What you should do
Your answer must be an exact copy of the lines from the one containing "The shift solenoid" through the last line of the records below, with no pictures; please include nothing else.

The data
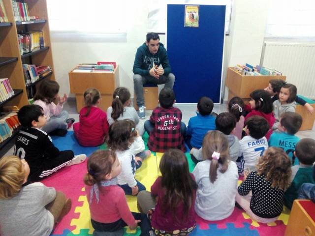 Para los martes de enero se plantea un nuevo enfoque para la hora del cuento, que llamamos: “Cuentos en familia en la biblioteca de Infiesto” pedimos a los padres que participen y sean ellos los que lean los cuentos. La respuesta ha sido tan maravillosa que tenemos voluntarios para todo enero, y para mucho más, por lo menos hasta finales de curso. En enero y febrero hemos contado todos los martes con un padre o madre voluntario para leer y trabajar en las actividades después del cuento, incluso un autor nos vino a leer su cuento y alguna tía y hermano mayor se han apuntado.
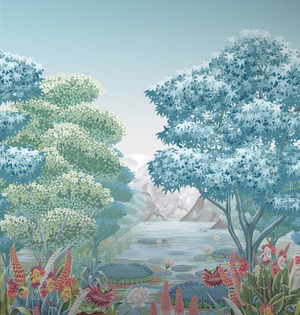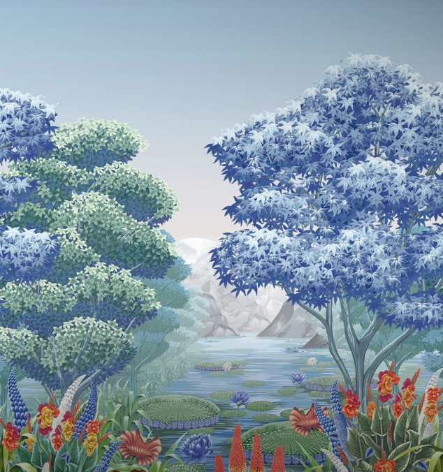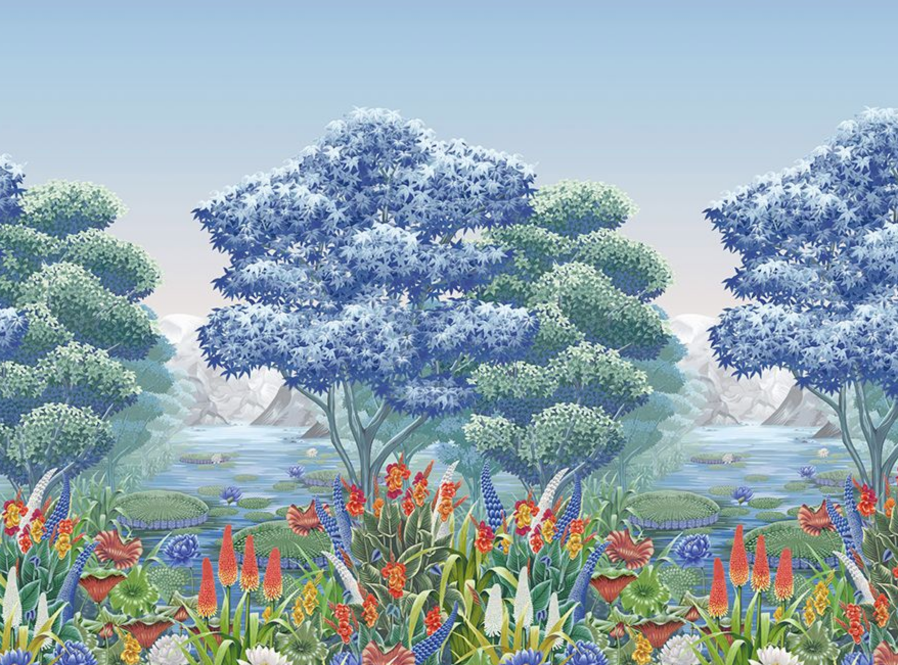 A beautiful vista of a lake with mountains in the distance and colourful aquatic plants in the foreground is viewed between two trees painted in a stylistic manner.
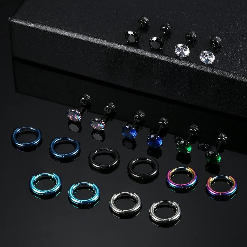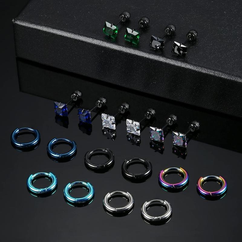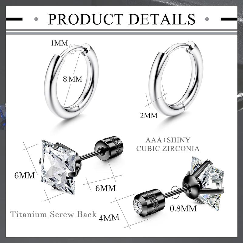 One order includes 5 pairs of titanium screw back earrings and 5 pairs of small hoop earrings. Available in round cz and square cz. A variety of colors and the right size to match your outfits perfectly.
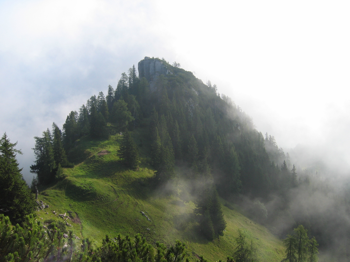 Auch auf dem Weiterweg zu den beiden letzten Gipfeln gibt es viel Aussicht bei mäßiger Anstrengung. Ein kleines Highlight bietet ein spektakulärer Felszacken, von dem ein Gartenzwerg auf die vorbeikommenden Wanderer herunterschaut. Bald ist der höchste Rofangipfel erreicht, der Hochiss. Besonders eindrucksvoll ist hier der Tiefblick in die Nordwand.
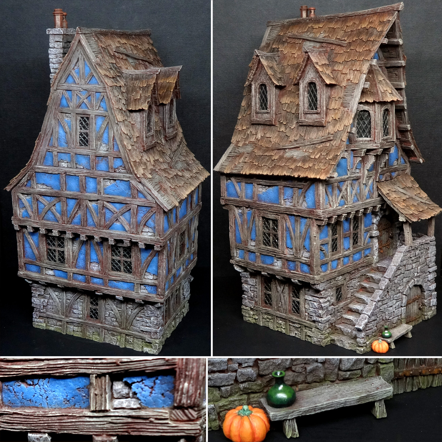 Finally, returning to the Old World after years of neglect prompted me to haul another kit out of my Cairn of Opportunity, and have a crack at Tabletop World's Townhouse III. It's pretty, and it's got a pumpkin. I love these buildings… and so do drybrushes.
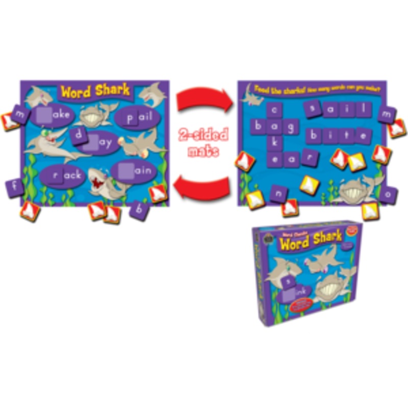 The fun begins when each player chooses a Word Shark mat. Player 1 draws a consonant tile from the pile and tries to add it to a word ending on his or her mat to make a word. If the letter cannot be used to spell a word, it is returned to the pile. Then the next player draws a tile and tries to make a word. The first player to fill a mat with words wins!Use the other side of the mats to spell as many words as you can! Variations allow for crossword puzzles, center activities, cooperative activities, or timed contests!-Use the games to build reading and spelling skills.-Children learn about word families.-Ideal for pairs or small groups of children (1-10 players).-Great for individual instruction and tutoring at school or at home.-Variations allow for different skill levels.Includes: 10 two-sided mats, 58 vowel tiles, 92 consonant tiles
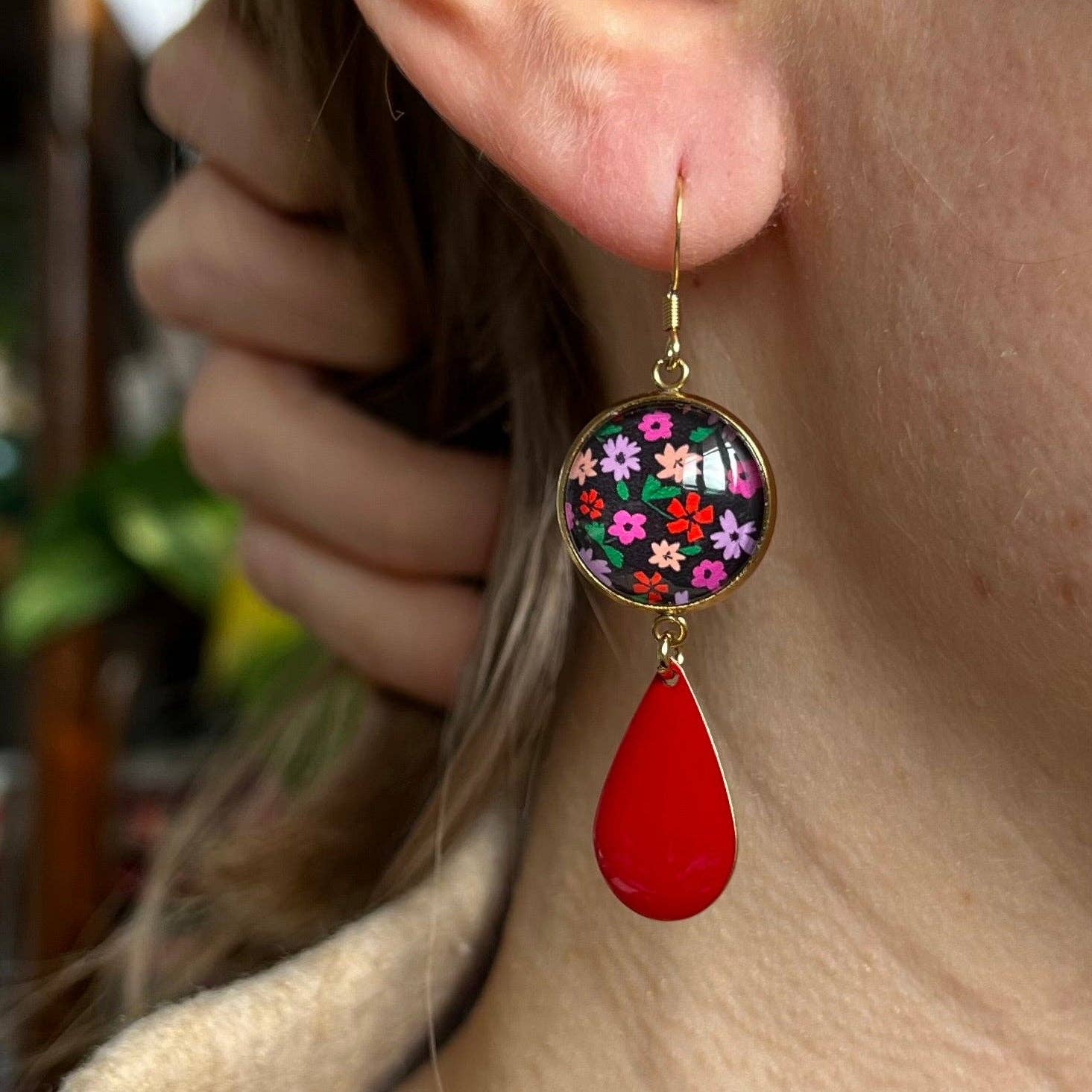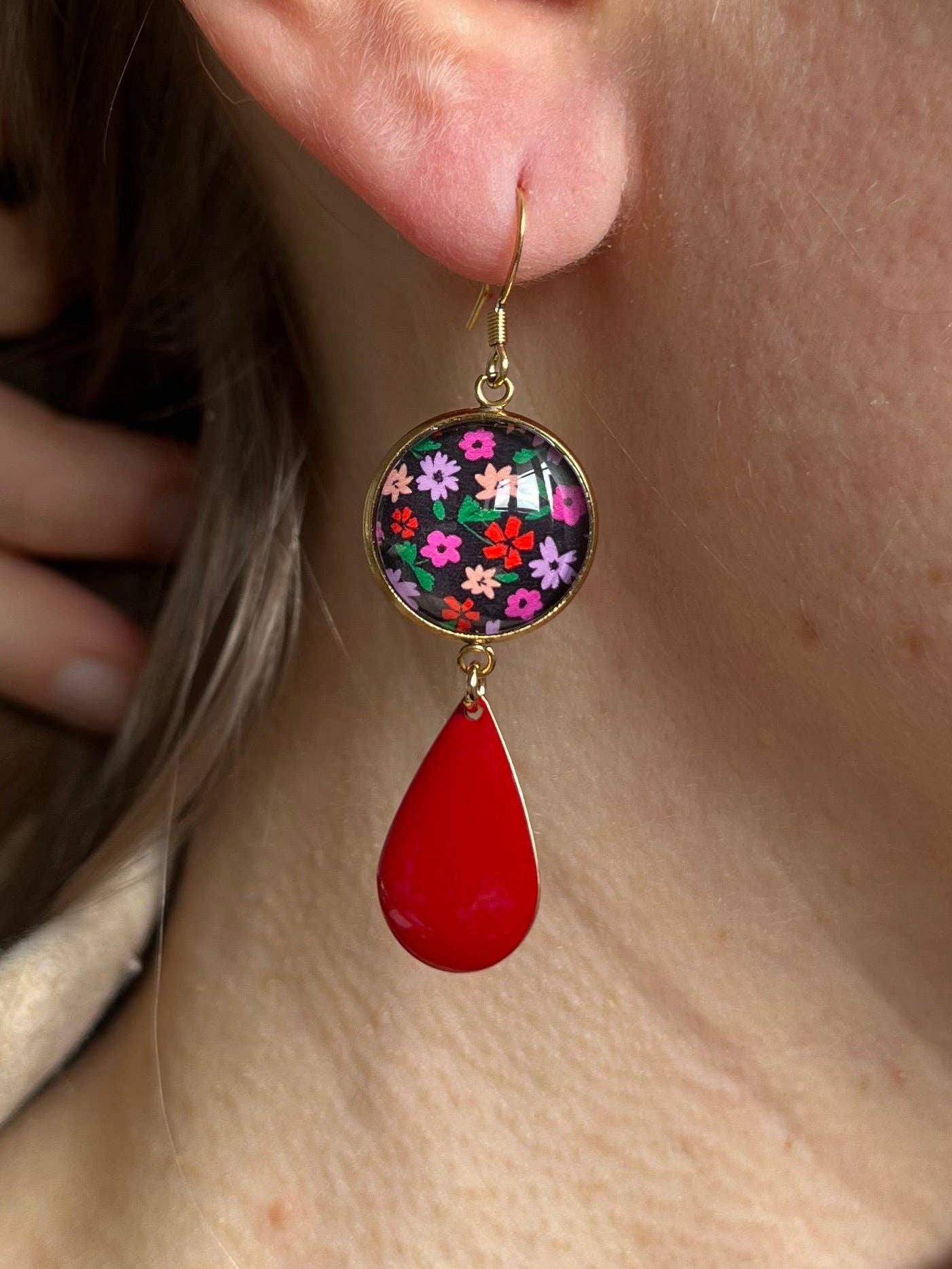 Goldene hängende Ohrringe mit rosa und roten Blumen ♥
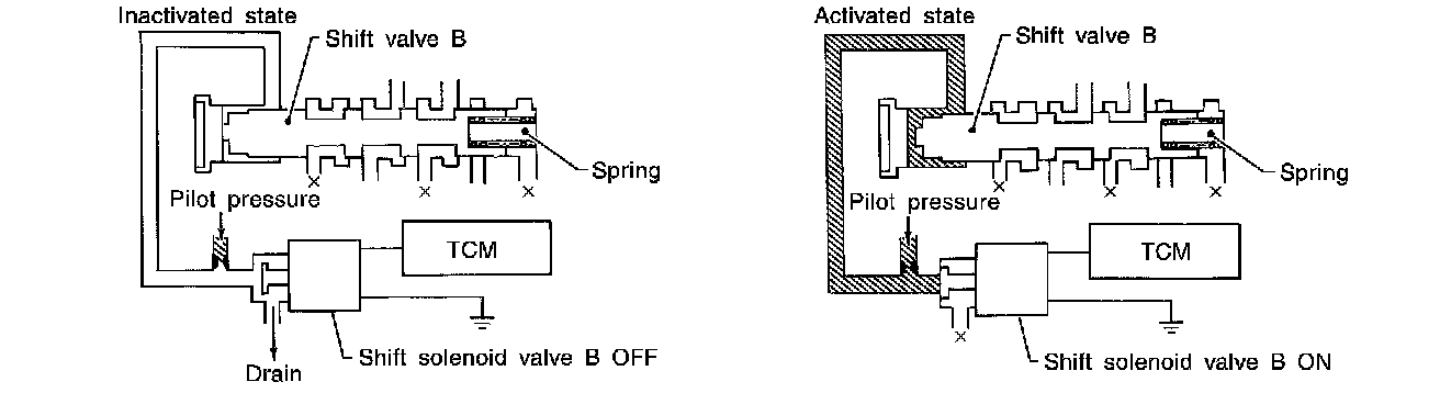 The shift solenoid valve performs simple ON-OFF operation. When set to "ON", the drain circuit closes and pilot pressure is applied to the shift valve.
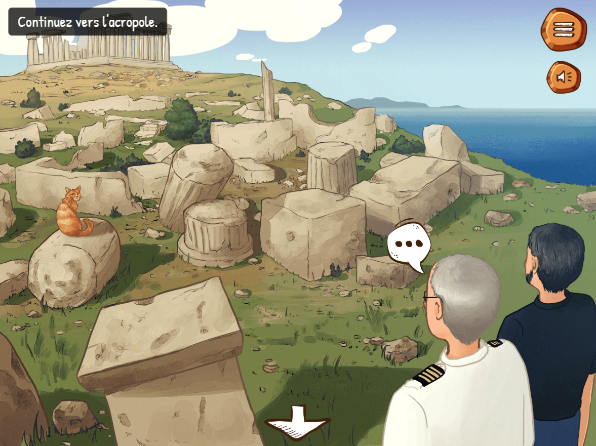 J'ai été chargée de réaliser un teaser en motion design (à l'aide de visuels non définitifs) puis les décors et personnages du jeu.

Output of the task
 The shift solenoid valve performs simple ON-OFF operation. When set to "ON", the drain circuit closes and pilot pressure is applied to the shift valve.
 J'ai été chargée de réaliser un teaser en motion design (à l'aide de visuels non définitifs) puis les décors et personnages du jeu.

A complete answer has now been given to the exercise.